> **Work task**
Return the data exactly, without pictures.

> **Data extract**
◆ ◆ ◆ ◆ ◆ ◆ ◆

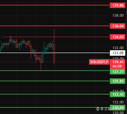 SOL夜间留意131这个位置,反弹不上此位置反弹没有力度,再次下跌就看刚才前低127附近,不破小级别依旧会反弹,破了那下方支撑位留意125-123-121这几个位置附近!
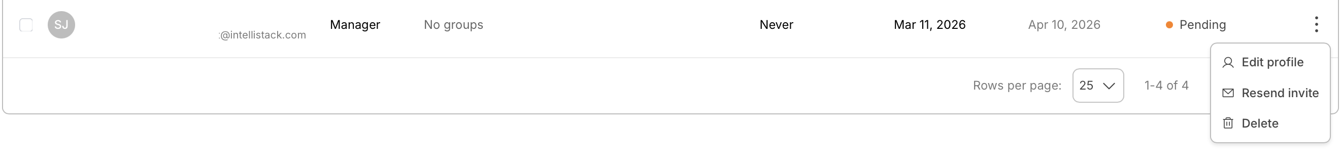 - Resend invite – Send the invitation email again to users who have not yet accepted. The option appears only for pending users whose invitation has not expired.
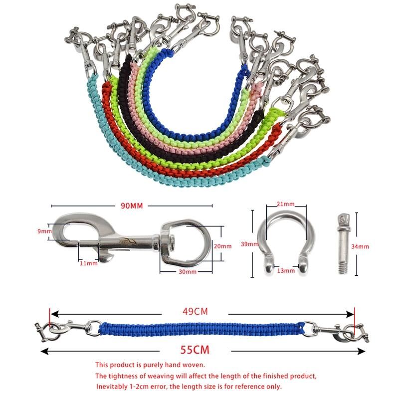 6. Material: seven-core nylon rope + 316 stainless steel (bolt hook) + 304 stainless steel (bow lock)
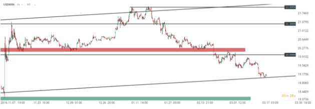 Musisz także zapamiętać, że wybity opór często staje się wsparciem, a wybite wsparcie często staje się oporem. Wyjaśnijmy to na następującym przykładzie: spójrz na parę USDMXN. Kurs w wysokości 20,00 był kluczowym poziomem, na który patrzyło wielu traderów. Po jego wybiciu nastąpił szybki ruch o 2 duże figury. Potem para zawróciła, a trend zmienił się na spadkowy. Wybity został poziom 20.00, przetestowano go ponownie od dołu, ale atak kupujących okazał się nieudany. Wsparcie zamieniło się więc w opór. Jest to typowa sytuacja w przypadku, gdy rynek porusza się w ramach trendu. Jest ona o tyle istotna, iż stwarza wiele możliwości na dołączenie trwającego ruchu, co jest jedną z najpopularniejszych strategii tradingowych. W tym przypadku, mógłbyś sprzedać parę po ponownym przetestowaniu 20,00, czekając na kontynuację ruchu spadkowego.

◆ ◆ ◆ ◆ ◆ ◆ ◆

> **Task result**
 SOL夜间留意131这个位置,反弹不上此位置反弹没有力度,再次下跌就看刚才前低127附近,不破小级别依旧会反弹,破了那下方支撑位留意125-123-121这几个位置附近!
 - Resend invite – Send the invitation email again to users who have not yet accepted. The option appears only for pending users whose invitation has not expired.
 6. Material: seven-core nylon rope + 316 stainless steel (bolt hook) + 304 stainless steel (bow lock)
 Musisz także zapamiętać, że wybity opór często staje się wsparciem, a wybite wsparcie często staje się oporem. Wyjaśnijmy to na następującym przykładzie: spójrz na parę USDMXN. Kurs w wysokości 20,00 był kluczowym poziomem, na który patrzyło wielu traderów. Po jego wybiciu nastąpił szybki ruch o 2 duże figury. Potem para zawróciła, a trend zmienił się na spadkowy. Wybity został poziom 20.00, przetestowano go ponownie od dołu, ale atak kupujących okazał się nieudany. Wsparcie zamieniło się więc w opór. Jest to typowa sytuacja w przypadku, gdy rynek porusza się w ramach trendu. Jest ona o tyle istotna, iż stwarza wiele możliwości na dołączenie trwającego ruchu, co jest jedną z najpopularniejszych strategii tradingowych. W tym przypadku, mógłbyś sprzedać parę po ponownym przetestowaniu 20,00, czekając na kontynuację ruchu spadkowego.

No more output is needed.